WHAT NEEDS TO BE DONE → Restrict the output to the lines below starting at the one that contains "Pre naplnenie cieľov" and ending at the one that contains "9700 FRISCHEI SPÄTZLE 5 kg/Karton", and restate them word for word, both ends included.

SUPPLIED RECORDS →

***

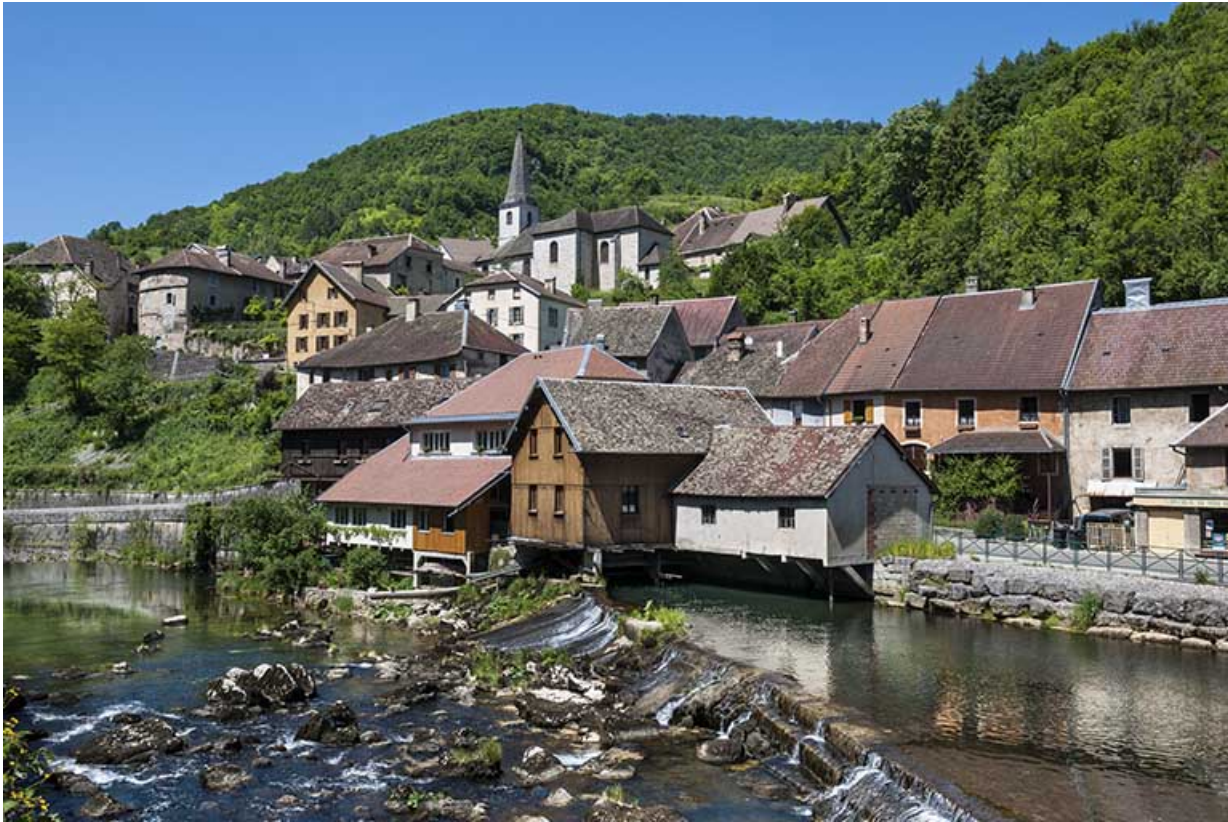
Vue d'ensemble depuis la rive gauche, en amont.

***

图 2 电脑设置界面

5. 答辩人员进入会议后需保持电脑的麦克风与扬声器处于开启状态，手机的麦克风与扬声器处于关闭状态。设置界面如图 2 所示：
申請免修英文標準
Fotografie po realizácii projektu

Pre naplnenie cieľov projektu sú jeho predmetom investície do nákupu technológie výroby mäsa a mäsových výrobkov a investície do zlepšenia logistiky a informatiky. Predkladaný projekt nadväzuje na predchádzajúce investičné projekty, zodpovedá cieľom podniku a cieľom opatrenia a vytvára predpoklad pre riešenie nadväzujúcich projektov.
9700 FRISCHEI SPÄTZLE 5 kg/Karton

***

ANSWER SECTION →
Pre naplnenie cieľov projektu sú jeho predmetom investície do nákupu technológie výroby mäsa a mäsových výrobkov a investície do zlepšenia logistiky a informatiky. Predkladaný projekt nadväzuje na predchádzajúce investičné projekty, zodpovedá cieľom podniku a cieľom opatrenia a vytvára predpoklad pre riešenie nadväzujúcich projektov.
9700 FRISCHEI SPÄTZLE 5 kg/Karton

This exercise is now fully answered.